**EXERCISE DESCRIPTION**.
Print this span of the material below exactly: the line with "Veľmi veľká izba", the line with "9月12日,中鐵二十一局臨夏", and every line between them, but nothing else.

*** SUPPLIED MATERIAL Section Begins ***

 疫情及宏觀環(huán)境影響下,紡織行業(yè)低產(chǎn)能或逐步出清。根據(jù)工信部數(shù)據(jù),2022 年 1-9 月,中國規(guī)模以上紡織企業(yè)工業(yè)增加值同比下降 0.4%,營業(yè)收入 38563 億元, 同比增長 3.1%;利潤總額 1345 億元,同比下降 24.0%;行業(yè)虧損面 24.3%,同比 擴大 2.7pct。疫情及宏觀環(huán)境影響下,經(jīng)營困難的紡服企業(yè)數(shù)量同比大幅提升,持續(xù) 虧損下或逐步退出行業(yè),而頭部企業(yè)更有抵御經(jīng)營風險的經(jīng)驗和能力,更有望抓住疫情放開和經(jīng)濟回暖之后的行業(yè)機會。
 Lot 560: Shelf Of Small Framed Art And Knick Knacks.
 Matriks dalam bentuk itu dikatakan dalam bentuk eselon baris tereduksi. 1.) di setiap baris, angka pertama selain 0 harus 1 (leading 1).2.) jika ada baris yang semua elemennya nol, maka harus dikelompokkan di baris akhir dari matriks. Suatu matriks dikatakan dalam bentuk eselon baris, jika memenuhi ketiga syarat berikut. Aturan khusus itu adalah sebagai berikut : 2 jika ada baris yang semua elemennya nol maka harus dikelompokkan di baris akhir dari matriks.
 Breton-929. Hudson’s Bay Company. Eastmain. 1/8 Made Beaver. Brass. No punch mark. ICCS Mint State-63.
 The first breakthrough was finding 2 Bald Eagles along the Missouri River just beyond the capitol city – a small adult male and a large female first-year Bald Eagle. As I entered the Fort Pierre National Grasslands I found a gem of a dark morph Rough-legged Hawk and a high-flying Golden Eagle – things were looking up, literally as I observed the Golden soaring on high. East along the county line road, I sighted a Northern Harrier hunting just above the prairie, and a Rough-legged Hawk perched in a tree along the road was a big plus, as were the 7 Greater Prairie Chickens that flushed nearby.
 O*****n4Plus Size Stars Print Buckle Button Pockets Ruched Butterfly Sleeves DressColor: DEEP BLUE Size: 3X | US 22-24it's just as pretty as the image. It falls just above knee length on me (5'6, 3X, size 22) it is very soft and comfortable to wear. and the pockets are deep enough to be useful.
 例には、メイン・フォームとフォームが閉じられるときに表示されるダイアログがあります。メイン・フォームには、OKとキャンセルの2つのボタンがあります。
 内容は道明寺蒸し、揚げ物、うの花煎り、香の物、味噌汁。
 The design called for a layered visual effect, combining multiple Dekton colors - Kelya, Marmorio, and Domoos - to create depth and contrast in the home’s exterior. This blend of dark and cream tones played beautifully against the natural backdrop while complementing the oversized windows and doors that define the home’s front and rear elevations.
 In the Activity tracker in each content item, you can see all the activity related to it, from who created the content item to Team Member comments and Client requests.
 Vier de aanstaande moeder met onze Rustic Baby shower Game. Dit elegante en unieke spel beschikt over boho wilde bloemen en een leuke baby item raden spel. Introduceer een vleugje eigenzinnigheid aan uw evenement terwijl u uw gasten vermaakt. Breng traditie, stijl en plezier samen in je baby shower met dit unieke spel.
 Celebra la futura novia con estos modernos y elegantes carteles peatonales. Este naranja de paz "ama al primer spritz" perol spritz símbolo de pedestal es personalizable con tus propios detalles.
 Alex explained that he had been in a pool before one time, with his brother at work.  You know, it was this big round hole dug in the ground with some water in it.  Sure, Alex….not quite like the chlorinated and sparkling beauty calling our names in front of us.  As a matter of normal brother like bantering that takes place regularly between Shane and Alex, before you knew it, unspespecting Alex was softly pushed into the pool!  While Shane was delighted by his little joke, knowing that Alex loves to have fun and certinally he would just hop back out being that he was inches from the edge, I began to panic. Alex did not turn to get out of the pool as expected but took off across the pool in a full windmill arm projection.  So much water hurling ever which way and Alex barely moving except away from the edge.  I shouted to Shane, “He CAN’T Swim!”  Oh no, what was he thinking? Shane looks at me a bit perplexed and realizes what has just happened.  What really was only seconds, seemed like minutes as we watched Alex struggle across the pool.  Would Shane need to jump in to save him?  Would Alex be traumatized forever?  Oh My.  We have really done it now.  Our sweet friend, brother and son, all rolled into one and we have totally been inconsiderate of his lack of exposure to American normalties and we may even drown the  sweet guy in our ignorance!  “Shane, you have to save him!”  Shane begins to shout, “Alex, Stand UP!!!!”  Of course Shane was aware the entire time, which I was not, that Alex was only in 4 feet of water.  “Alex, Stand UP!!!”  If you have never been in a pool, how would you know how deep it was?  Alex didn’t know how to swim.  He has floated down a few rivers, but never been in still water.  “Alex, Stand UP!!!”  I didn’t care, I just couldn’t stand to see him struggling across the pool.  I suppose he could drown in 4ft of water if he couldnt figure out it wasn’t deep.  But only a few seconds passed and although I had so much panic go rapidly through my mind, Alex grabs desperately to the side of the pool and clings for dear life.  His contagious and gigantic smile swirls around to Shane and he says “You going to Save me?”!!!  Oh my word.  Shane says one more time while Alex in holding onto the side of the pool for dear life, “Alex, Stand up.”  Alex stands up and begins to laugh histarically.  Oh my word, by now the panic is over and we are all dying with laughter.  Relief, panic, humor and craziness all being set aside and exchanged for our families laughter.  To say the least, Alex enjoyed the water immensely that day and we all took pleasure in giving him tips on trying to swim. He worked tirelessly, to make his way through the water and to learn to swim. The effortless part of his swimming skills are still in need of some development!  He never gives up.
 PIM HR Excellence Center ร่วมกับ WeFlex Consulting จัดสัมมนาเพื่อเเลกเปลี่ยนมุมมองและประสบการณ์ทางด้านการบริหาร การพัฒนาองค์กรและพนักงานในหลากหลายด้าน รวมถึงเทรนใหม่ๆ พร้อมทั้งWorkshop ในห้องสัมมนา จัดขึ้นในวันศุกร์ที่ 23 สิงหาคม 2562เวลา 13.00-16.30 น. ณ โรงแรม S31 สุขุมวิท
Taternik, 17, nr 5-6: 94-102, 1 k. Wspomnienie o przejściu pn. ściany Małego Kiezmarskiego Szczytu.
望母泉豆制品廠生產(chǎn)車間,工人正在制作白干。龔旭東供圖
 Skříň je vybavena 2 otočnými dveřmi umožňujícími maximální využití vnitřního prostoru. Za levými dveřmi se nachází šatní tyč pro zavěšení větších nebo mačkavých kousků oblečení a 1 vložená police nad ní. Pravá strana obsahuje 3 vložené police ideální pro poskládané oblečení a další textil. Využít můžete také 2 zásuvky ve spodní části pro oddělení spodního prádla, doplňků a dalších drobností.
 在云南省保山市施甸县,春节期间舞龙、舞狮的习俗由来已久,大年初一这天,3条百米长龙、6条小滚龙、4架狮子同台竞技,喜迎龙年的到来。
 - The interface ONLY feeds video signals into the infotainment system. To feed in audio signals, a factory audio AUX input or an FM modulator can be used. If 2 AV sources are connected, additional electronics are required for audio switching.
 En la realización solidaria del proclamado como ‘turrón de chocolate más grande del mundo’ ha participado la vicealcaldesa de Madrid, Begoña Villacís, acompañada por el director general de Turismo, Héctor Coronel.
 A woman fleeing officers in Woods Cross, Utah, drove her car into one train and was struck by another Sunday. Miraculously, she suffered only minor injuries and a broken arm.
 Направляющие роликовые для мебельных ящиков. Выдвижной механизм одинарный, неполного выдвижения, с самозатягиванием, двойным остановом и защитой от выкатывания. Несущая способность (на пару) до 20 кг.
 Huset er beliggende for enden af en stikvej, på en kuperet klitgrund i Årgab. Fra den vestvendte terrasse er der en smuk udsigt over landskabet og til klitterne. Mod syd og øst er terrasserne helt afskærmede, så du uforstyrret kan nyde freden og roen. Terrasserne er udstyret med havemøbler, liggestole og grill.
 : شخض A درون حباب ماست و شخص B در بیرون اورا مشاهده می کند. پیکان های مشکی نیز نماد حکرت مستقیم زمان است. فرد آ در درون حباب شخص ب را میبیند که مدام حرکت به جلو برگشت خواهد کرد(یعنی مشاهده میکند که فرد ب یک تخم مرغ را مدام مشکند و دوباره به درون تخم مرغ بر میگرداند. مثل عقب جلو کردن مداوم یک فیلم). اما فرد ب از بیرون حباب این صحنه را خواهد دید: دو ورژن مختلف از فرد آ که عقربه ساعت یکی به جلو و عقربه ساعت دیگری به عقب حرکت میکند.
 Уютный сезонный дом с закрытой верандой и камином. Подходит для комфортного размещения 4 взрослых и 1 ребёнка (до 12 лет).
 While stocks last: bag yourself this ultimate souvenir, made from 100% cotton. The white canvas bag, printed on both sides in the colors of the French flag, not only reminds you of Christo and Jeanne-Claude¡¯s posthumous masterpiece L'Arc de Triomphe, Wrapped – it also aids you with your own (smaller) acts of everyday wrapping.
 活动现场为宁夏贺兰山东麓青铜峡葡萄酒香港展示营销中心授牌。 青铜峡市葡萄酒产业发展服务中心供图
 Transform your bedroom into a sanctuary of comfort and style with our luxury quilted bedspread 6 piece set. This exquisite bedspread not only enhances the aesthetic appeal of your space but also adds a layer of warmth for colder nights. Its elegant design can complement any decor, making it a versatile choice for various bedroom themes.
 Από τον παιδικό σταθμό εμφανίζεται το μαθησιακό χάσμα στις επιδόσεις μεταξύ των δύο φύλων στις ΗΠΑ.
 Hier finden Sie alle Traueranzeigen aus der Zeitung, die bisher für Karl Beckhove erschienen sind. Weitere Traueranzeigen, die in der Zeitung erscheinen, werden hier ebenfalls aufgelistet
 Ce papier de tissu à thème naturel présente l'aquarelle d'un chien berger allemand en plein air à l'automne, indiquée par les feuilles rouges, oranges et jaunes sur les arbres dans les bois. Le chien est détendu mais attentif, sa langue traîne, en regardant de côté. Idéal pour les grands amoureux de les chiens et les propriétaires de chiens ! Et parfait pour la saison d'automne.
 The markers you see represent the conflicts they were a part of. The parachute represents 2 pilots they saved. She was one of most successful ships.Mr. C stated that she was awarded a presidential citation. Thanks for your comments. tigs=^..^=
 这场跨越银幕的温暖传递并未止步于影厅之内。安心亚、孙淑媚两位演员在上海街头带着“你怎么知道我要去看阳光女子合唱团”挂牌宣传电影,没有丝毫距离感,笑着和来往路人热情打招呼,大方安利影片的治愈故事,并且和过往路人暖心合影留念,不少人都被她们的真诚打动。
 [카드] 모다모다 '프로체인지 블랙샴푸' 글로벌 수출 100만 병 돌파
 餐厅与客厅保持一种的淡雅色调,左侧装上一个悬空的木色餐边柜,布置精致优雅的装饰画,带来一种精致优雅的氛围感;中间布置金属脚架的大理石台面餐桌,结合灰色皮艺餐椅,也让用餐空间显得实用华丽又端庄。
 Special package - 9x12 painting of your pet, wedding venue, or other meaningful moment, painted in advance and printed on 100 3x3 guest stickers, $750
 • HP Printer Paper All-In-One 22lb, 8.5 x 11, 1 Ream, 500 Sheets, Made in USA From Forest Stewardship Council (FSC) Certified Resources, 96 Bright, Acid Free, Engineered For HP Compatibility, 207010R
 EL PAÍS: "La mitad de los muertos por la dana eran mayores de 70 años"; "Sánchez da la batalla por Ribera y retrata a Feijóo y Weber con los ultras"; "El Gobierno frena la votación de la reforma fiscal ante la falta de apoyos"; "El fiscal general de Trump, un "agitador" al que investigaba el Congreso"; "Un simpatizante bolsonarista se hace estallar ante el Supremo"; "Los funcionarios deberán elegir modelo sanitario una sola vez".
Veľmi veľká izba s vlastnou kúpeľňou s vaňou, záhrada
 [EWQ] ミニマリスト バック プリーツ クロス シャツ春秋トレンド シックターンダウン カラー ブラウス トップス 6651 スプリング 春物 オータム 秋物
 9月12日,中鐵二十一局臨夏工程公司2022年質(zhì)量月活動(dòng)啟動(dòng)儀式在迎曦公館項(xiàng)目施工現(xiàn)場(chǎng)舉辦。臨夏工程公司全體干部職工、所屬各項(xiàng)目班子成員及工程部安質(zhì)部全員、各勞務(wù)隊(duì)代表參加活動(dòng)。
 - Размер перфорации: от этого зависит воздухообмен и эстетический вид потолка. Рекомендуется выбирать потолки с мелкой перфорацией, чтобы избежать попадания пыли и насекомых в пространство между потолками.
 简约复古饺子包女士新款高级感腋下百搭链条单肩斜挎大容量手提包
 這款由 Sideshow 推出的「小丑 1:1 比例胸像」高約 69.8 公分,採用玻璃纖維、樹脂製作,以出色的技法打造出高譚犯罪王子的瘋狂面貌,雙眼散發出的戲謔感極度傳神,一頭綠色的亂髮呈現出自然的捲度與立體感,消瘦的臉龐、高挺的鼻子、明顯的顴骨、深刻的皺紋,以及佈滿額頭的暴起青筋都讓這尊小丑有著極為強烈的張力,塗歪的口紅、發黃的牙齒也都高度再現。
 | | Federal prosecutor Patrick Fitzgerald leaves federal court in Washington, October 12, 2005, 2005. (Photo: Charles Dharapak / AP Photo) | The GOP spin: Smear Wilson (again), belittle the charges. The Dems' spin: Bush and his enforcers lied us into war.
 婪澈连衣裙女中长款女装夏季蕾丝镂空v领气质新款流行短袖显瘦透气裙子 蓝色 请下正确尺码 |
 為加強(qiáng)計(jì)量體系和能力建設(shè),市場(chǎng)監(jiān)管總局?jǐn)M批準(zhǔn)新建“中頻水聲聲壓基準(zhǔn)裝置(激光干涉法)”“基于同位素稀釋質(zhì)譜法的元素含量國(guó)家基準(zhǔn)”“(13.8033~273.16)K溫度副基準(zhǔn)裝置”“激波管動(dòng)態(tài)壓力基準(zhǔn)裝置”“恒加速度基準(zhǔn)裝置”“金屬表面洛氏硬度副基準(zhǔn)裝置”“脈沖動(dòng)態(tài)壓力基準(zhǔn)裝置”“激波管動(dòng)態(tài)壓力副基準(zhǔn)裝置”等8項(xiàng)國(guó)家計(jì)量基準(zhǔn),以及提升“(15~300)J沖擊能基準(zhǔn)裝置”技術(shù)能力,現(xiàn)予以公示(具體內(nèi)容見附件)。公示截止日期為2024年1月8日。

*** SUPPLIED MATERIAL Section Ends ***

**RESPONSE TO THE EXERCISE**.
Veľmi veľká izba s vlastnou kúpeľňou s vaňou, záhrada
 [EWQ] ミニマリスト バック プリーツ クロス シャツ春秋トレンド シックターンダウン カラー ブラウス トップス 6651 スプリング 春物 オータム 秋物
 9月12日,中鐵二十一局臨夏工程公司2022年質(zhì)量月活動(dòng)啟動(dòng)儀式在迎曦公館項(xiàng)目施工現(xiàn)場(chǎng)舉辦。臨夏工程公司全體干部職工、所屬各項(xiàng)目班子成員及工程部安質(zhì)部全員、各勞務(wù)隊(duì)代表參加活動(dòng)。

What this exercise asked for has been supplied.